- [Problem details]:
Please copy exactly the lines from the first in the records through the line that contains "Любимой жертвой 28-летнего", but not the pictures.
-*-
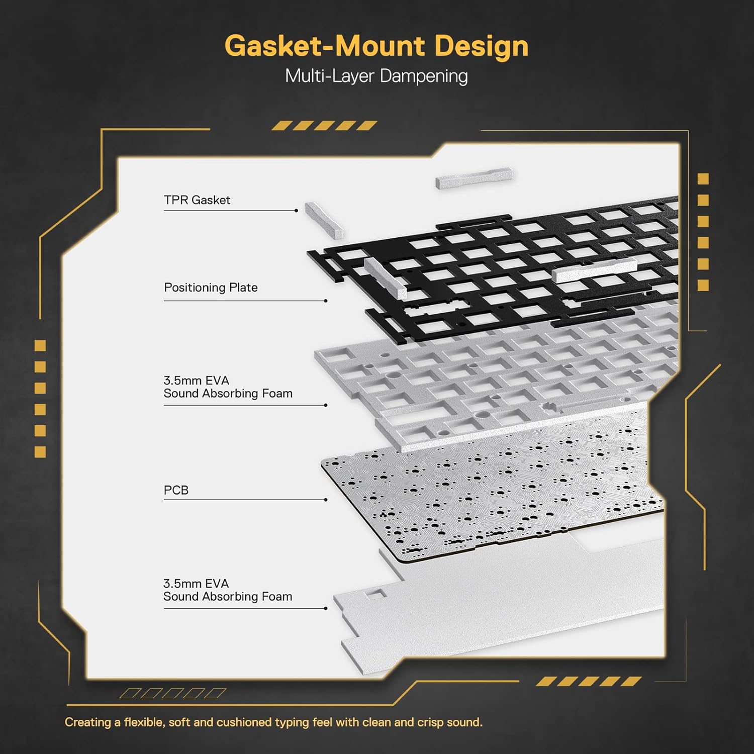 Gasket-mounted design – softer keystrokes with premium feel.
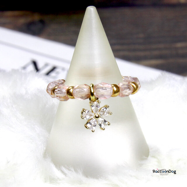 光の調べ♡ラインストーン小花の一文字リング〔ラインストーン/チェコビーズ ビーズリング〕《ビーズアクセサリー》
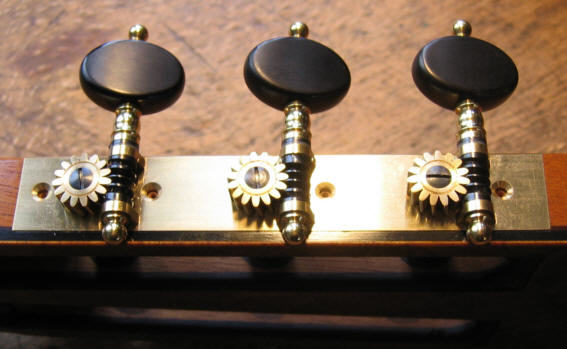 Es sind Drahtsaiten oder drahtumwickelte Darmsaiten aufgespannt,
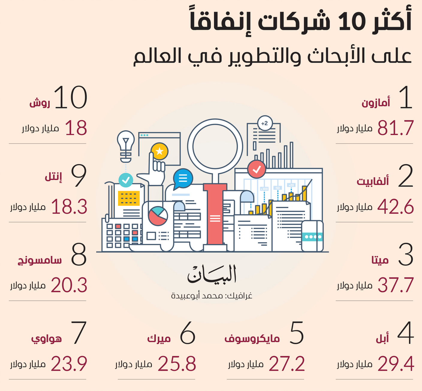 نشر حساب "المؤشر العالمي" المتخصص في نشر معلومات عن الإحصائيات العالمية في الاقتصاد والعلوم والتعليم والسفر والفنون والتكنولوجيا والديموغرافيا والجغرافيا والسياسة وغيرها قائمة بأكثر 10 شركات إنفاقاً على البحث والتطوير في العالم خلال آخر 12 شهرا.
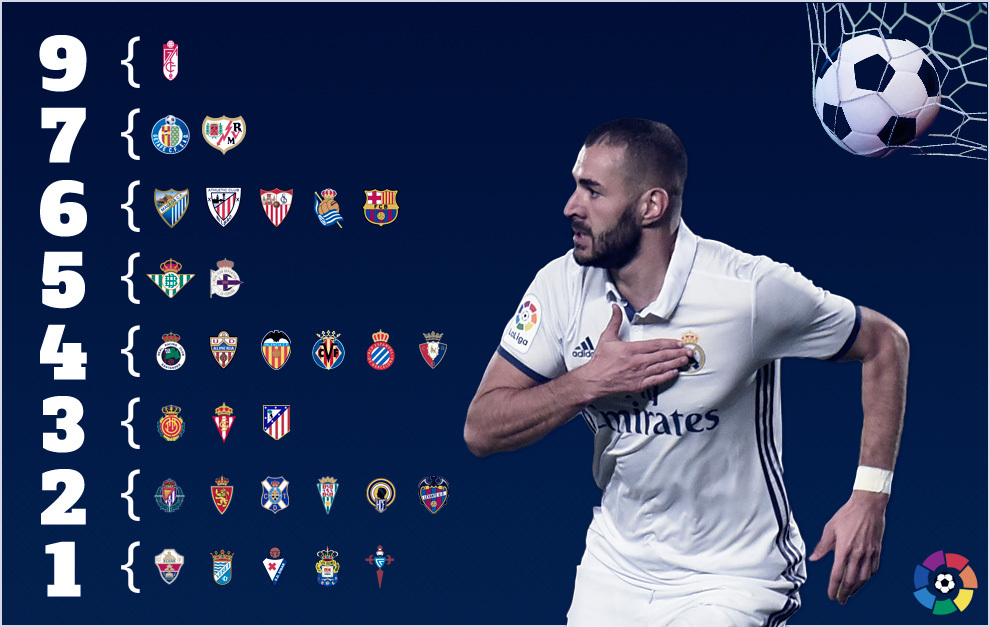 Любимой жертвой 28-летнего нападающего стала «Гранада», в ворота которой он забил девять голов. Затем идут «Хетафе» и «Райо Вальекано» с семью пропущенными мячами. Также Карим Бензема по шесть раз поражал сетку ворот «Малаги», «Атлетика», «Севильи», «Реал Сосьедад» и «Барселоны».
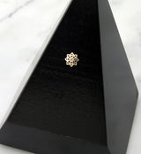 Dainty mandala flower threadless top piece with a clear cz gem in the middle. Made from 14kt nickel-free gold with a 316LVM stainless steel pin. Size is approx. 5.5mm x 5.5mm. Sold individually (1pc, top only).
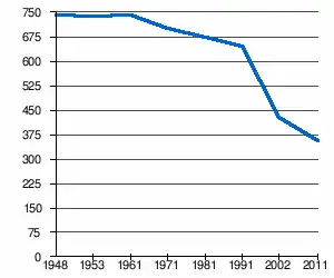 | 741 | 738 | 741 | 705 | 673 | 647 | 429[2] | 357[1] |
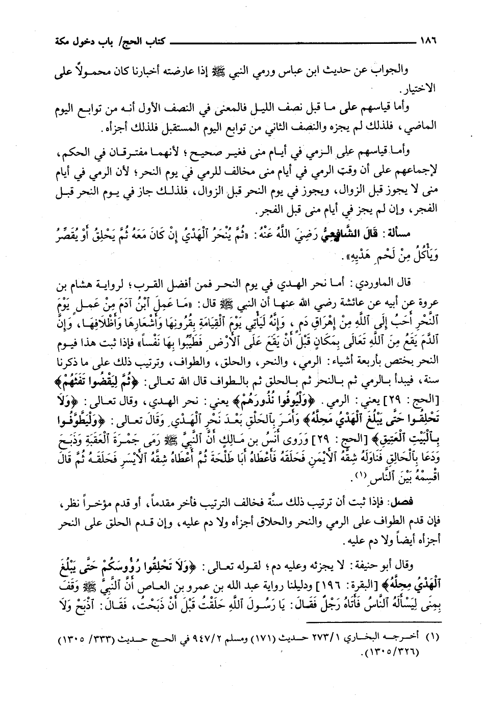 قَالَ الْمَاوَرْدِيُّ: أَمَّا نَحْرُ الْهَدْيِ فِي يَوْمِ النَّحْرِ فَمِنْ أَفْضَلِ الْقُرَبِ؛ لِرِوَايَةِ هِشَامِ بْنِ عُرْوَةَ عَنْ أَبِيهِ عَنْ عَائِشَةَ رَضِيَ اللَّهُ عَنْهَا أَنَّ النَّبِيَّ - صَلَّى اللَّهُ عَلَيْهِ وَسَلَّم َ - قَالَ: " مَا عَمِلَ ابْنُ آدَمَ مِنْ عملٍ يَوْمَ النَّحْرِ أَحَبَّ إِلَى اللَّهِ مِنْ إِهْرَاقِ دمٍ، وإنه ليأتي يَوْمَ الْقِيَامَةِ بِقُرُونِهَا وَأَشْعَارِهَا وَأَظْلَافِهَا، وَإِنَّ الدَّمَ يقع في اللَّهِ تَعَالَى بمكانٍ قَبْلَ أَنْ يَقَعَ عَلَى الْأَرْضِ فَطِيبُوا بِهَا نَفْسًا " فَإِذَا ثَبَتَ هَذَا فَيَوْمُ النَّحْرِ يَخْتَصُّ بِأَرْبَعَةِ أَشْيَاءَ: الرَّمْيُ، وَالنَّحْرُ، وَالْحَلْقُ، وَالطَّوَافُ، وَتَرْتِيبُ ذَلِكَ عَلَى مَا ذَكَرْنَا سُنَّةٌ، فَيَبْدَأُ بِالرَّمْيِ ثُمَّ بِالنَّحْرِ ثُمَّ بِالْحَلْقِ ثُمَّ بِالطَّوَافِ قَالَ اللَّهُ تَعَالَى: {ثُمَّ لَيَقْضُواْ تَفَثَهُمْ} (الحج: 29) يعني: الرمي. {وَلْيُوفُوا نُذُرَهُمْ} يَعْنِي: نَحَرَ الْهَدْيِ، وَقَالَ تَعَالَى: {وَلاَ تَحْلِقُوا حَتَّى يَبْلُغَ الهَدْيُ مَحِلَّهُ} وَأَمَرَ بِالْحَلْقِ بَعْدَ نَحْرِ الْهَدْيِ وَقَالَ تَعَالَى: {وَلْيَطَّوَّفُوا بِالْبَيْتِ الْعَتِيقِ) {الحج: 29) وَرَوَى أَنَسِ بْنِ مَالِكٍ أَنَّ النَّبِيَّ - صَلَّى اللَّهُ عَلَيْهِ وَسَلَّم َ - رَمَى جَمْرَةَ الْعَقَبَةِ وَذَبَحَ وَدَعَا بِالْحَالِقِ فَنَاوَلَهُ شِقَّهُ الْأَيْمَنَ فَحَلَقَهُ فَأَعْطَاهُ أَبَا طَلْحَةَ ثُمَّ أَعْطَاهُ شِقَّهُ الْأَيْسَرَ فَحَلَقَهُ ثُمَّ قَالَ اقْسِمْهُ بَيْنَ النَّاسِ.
-*-
- [Written answer]:
 Gasket-mounted design – softer keystrokes with premium feel.
 光の調べ♡ラインストーン小花の一文字リング〔ラインストーン/チェコビーズ ビーズリング〕《ビーズアクセサリー》
 Es sind Drahtsaiten oder drahtumwickelte Darmsaiten aufgespannt,
 نشر حساب "المؤشر العالمي" المتخصص في نشر معلومات عن الإحصائيات العالمية في الاقتصاد والعلوم والتعليم والسفر والفنون والتكنولوجيا والديموغرافيا والجغرافيا والسياسة وغيرها قائمة بأكثر 10 شركات إنفاقاً على البحث والتطوير في العالم خلال آخر 12 شهرا.
 Любимой жертвой 28-летнего нападающего стала «Гранада», в ворота которой он забил девять голов. Затем идут «Хетафе» и «Райо Вальекано» с семью пропущенными мячами. Также Карим Бензема по шесть раз поражал сетку ворот «Малаги», «Атлетика», «Севильи», «Реал Сосьедад» и «Барселоны».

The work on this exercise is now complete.